◆ Dataset excerpts
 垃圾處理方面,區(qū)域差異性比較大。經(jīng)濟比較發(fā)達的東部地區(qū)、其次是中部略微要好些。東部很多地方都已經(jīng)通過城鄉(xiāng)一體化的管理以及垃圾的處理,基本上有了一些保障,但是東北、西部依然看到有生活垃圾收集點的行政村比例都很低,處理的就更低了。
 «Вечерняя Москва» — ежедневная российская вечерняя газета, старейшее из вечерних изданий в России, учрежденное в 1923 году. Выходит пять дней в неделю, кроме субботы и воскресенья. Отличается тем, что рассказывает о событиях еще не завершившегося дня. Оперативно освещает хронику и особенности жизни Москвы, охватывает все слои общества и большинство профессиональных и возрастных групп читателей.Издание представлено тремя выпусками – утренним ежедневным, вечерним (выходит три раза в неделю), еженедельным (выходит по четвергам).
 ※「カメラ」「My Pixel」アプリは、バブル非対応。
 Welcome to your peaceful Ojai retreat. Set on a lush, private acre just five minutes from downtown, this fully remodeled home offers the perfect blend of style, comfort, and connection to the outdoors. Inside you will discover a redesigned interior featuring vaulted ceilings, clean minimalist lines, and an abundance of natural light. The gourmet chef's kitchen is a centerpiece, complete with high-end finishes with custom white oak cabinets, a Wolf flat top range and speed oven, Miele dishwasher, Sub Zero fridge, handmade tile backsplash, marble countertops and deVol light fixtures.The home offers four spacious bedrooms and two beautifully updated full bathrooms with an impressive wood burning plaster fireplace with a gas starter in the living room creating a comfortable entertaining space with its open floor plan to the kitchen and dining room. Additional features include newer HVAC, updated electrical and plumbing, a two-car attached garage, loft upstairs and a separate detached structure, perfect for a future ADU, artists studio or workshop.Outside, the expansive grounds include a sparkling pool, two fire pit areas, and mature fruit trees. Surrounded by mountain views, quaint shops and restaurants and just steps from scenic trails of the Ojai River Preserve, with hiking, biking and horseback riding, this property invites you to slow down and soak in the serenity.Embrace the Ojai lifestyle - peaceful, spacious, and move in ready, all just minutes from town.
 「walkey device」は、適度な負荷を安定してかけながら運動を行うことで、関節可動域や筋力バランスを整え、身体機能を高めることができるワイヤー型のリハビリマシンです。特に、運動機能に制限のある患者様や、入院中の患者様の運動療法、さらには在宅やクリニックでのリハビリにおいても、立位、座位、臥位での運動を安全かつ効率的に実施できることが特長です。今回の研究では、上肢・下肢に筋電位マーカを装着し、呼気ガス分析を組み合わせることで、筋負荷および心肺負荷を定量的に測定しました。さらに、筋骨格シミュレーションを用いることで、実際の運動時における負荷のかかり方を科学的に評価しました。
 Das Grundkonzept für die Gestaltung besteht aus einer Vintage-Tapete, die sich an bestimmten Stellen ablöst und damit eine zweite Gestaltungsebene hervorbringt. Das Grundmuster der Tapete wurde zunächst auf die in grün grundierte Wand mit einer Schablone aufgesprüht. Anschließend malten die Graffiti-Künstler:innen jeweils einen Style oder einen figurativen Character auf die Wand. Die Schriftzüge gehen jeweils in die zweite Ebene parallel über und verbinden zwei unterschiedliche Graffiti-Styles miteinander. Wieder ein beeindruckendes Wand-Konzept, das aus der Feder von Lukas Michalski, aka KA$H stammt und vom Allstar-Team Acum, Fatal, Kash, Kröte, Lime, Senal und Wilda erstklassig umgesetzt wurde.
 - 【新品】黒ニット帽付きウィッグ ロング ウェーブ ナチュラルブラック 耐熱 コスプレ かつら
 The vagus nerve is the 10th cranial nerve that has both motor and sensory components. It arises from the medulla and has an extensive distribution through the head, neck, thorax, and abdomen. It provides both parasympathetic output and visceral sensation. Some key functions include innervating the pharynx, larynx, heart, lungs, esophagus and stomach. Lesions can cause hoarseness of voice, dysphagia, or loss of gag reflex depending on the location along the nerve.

---

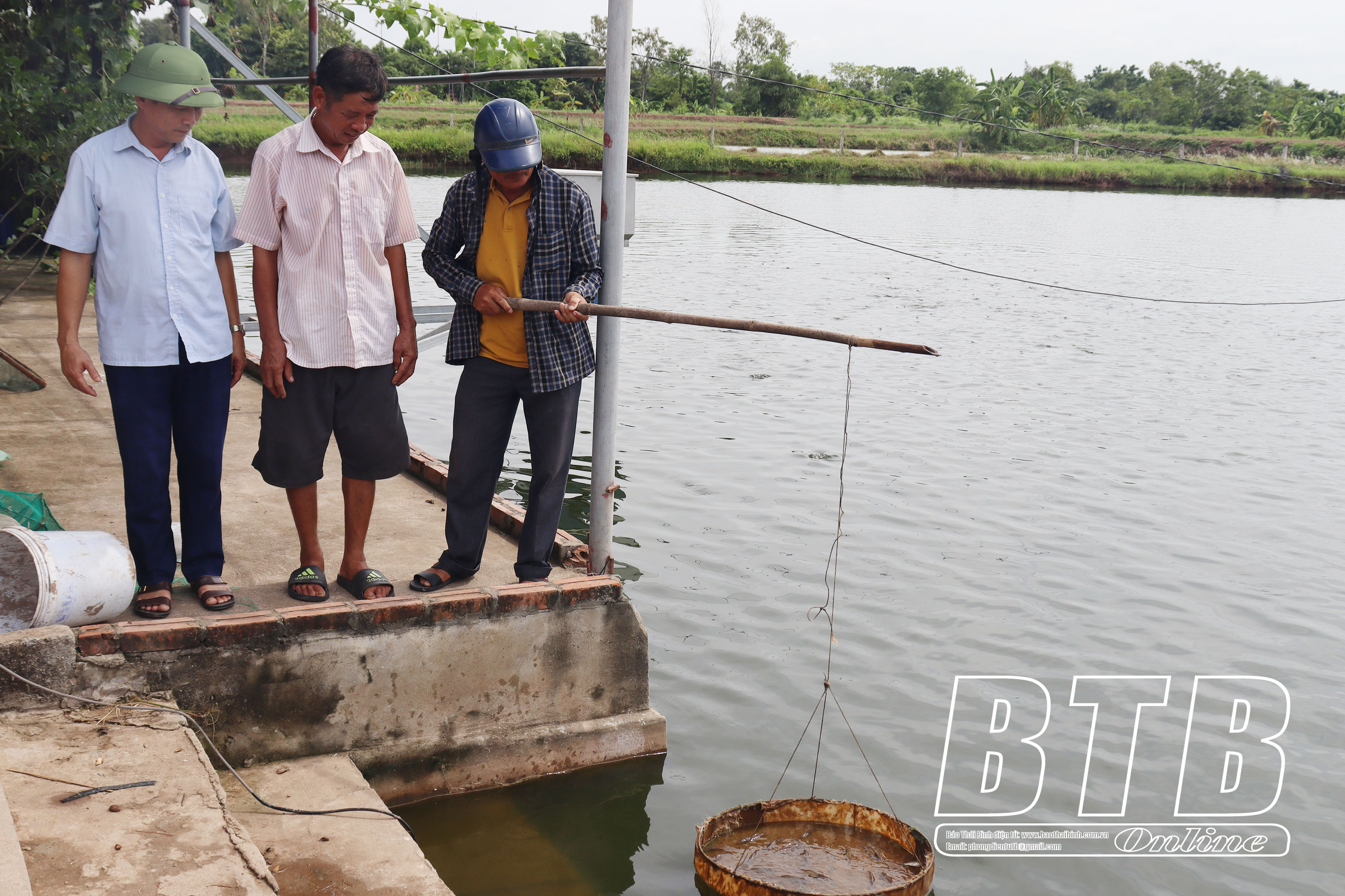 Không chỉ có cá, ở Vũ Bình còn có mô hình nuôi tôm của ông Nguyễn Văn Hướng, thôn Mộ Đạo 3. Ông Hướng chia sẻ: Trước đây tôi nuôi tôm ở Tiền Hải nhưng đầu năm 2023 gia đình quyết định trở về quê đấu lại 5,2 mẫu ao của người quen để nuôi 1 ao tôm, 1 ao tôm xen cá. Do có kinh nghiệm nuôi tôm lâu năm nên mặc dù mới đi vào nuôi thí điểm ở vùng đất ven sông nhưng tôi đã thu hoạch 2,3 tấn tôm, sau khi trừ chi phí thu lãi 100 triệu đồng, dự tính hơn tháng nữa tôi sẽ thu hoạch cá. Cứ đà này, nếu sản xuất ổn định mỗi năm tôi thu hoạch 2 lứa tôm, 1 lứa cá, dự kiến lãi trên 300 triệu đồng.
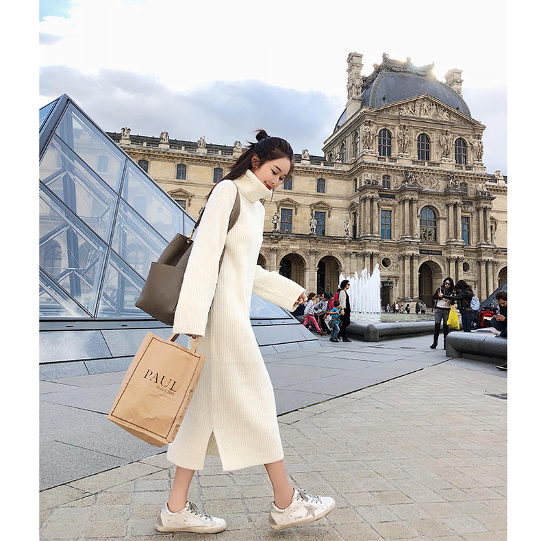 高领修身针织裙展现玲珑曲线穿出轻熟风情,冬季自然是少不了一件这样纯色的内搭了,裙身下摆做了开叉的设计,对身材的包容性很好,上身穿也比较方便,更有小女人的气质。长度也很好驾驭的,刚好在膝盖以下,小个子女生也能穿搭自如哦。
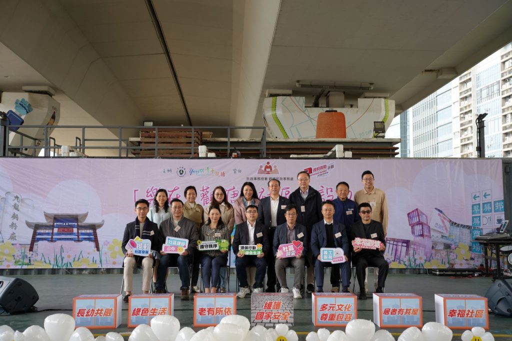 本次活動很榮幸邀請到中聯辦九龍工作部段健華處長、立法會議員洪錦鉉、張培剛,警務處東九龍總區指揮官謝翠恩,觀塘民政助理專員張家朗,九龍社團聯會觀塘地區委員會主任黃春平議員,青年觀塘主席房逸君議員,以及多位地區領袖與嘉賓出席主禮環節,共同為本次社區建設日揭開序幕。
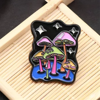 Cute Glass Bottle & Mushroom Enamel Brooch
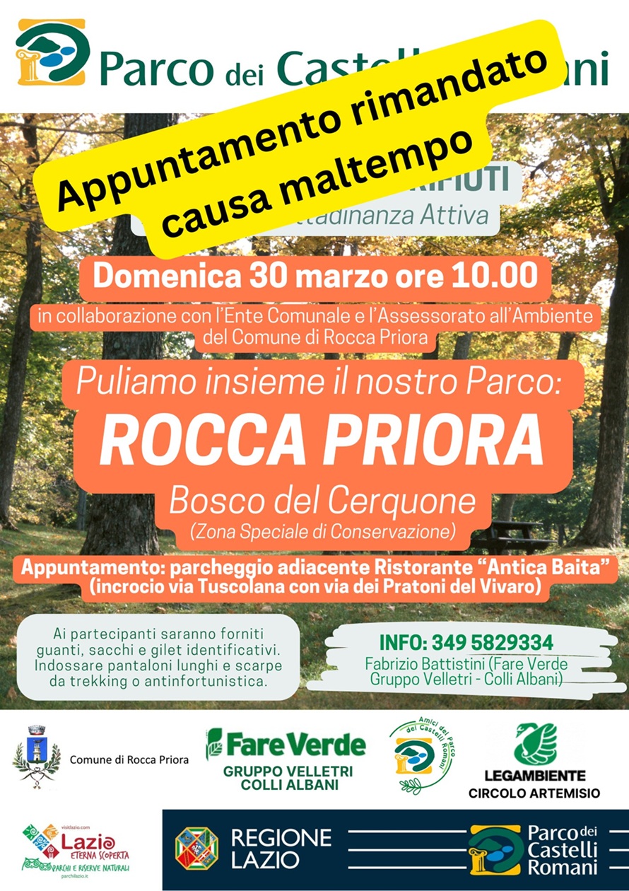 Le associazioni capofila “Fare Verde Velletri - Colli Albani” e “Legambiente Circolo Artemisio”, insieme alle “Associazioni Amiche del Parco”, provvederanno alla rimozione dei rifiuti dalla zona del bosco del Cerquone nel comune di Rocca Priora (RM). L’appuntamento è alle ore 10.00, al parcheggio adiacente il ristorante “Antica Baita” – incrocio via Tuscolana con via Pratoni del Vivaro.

◆ What this task involves
Return only the lines of the records in which the string "include" appears.

◆ Answer area
 Welcome to your peaceful Ojai retreat. Set on a lush, private acre just five minutes from downtown, this fully remodeled home offers the perfect blend of style, comfort, and connection to the outdoors. Inside you will discover a redesigned interior featuring vaulted ceilings, clean minimalist lines, and an abundance of natural light. The gourmet chef's kitchen is a centerpiece, complete with high-end finishes with custom white oak cabinets, a Wolf flat top range and speed oven, Miele dishwasher, Sub Zero fridge, handmade tile backsplash, marble countertops and deVol light fixtures.The home offers four spacious bedrooms and two beautifully updated full bathrooms with an impressive wood burning plaster fireplace with a gas starter in the living room creating a comfortable entertaining space with its open floor plan to the kitchen and dining room. Additional features include newer HVAC, updated electrical and plumbing, a two-car attached garage, loft upstairs and a separate detached structure, perfect for a future ADU, artists studio or workshop.Outside, the expansive grounds include a sparkling pool, two fire pit areas, and mature fruit trees. Surrounded by mountain views, quaint shops and restaurants and just steps from scenic trails of the Ojai River Preserve, with hiking, biking and horseback riding, this property invites you to slow down and soak in the serenity.Embrace the Ojai lifestyle - peaceful, spacious, and move in ready, all just minutes from town.
 The vagus nerve is the 10th cranial nerve that has both motor and sensory components. It arises from the medulla and has an extensive distribution through the head, neck, thorax, and abdomen. It provides both parasympathetic output and visceral sensation. Some key functions include innervating the pharynx, larynx, heart, lungs, esophagus and stomach. Lesions can cause hoarseness of voice, dysphagia, or loss of gag reflex depending on the location along the nerve.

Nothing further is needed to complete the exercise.